Though Davis is comfortable playing the underdog card, his Buckaroos (8-2) lit up the scoreboard and most of their opponents during the regular season. Led by senior quarterback Chad McCoy, the pass-happy Bucks have scored 390 points, second only to No. 1 Sherwood in 5A football. They did most of that damage through the air, as the 6-foot, 185-pound McCoy has thrown for 2,838 yards and 30 touchdowns with only eight interceptions.

It was more of the same for Pendleton in its 50-6 play-in win over Jefferson last week — McCoy completed 21 of 31 passes for 332 yards and four touchdown passes to four different receivers.

"He's a leader," Davis said of McCoy. "He's got a great arm and he's really dived into the football IQ part of the game, understanding what we're doing and why we're doing it. He uses his feet, throws on the move well. And he's really matured into a leader, and that has taken my offense and made it his."

The Buckaroos employ a wide-open offense that at times forces opposing defenses to cover five receivers at a time, which is part of the reason why they have three receivers with 40 catches or more: TJ Hancock (51 catches, 699 yards), Isaiah Polhamus (46 catches, 689 yards) and Quentin Quaempts (43 catches, 533 yards).

So Ashland's secondary, led by Carter Glick and Matt Hedges, will be tested.

"(McCoy) can throw the ball all over the place," said Ashland head coach Charlie Hall, whose team was idle last week after claiming its first Midwestern League title and wrapping up a 9-0 regular season. "He's got deep, middle and short throws. He doesn't run a whole lot, but he doesn't have a lot of negative yardage either. So I think he's efficient in what he does in terms of avoiding the first guy and finding somebody else and getting rid of the ball. I don't think he takes a lot of sacks."

Of course, McCoy hasn't faced Ashland yet, either, and the Grizzlies' defense ramped up its pass rush over its last two games to finish the regular season with 31 1/2 sacks, including five against Eagle Point. Getting to McCoy will be a chore, however.
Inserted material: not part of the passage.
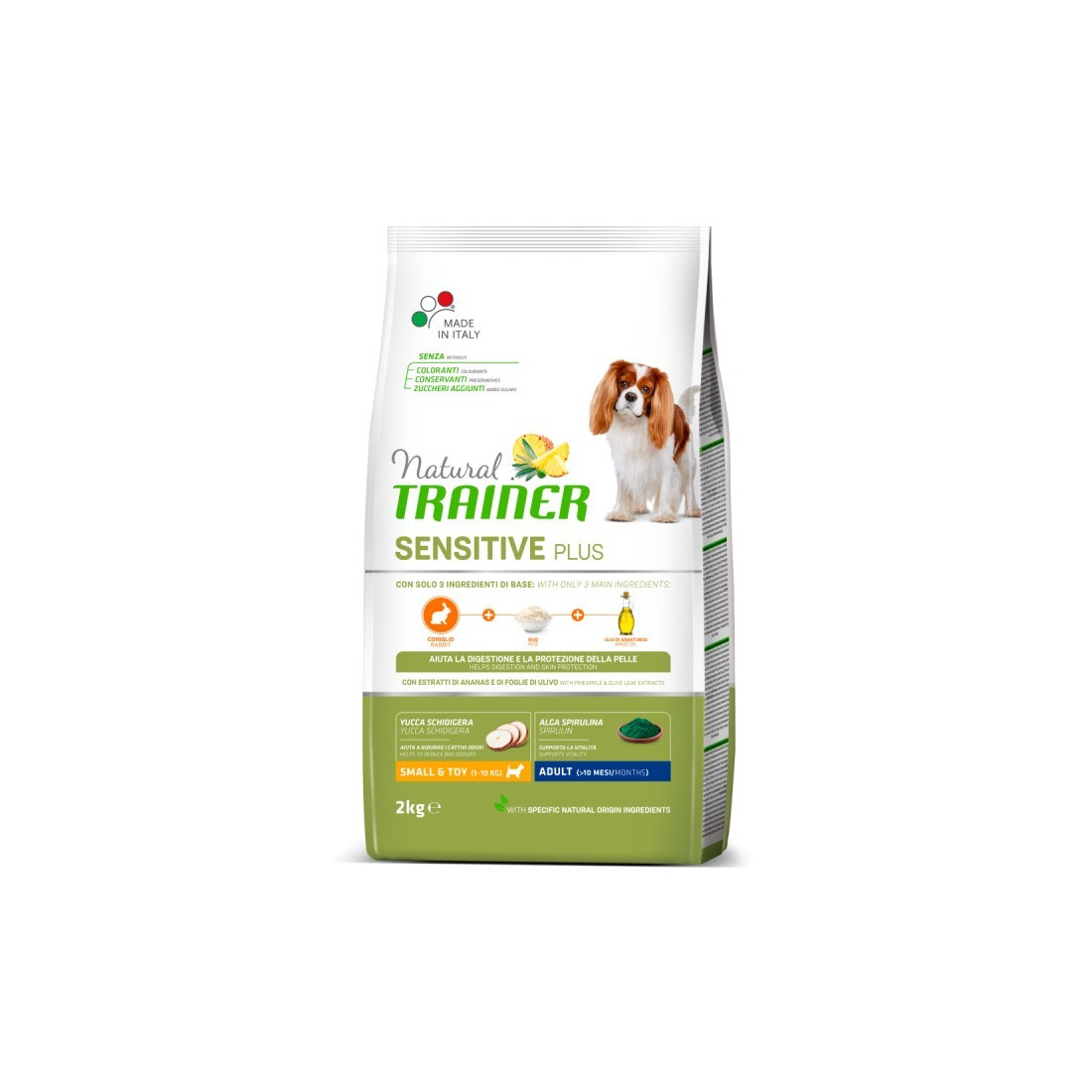 Natural Trainer Sensitive Adult Small & Toy è preparato secondo il "principio 1 + 1 + 1": contiene una sola proteina di origine animale (coniglio), una di carboidrati (riso) e una di grassi di origine vegetale (olio di mais). Componenti quali il riso e i prebiotici favoriscono la buona digestione, mentre l'estratto di foglie di olivo ha un effetto protettivo sulla cute. La composizione comprende inoltre spirulina, minerali e vitamine che contribuiscono alla vitalità del tuo cane. Natural Trainer Sensitive Plus Adult Small & Toy con coniglio è indicato come alimento completo da offrire quotidianamente al vostro cane.

He's protected by a pair of tackles that tip the scales at 270 and 290 pounds.

Cutting through that beef may be the key to slowing down Pendleton, which averages 426 yards per game of total offense.

"Hopefully, we can put some pressure on (McCoy)," Ashland senior middle linebacker Mason Montgomery said. "I'm not too worried about it. We play in a passing league so it's not like we haven't seen that before, so I think we can deal with it pretty well. I think we'll do good."

When Ashland has the ball, it will go up against a Pendleton defense that's designed to take away the run. The Buckaroos rely on tight man-to-man coverage in the secondary and a defensive line that, according to Hall, rivals fifth-ranked Sprinfield's in both size and physicality.

That strategy may backfire against Ashland quarterback Danial White, who's completed 60 percent of his passes for 1,413 yards and 19 touchdowns with only two interceptions while also running for 413 yards and eight more scores.

Ryne Robitz leads the Grizzlies with 548 yards rushing and Hedges is the Grizzlies' leading receiver with 418 yards and six TDs.

"They play what I call zero coverage, where there's no free safety help "¦ and I think we need to test that early in the game to see what that's going to look like," Hall said. "If they're going to put seven guys in the box then we're not going to be able to run the ball — we're not going to try to run the ball. We're going to have to try to pass the ball. If, for whatever reason, Danial's not on and we can't protect the quarterback it could be a long night."

And that's exactly what the Buckaroos are hoping for.

"We know they have playmakers," Davis said. "They use misdirection a little bit, and play-action. We just have to strap on the helmets and try to stop their running game. That's what scares me a little bit."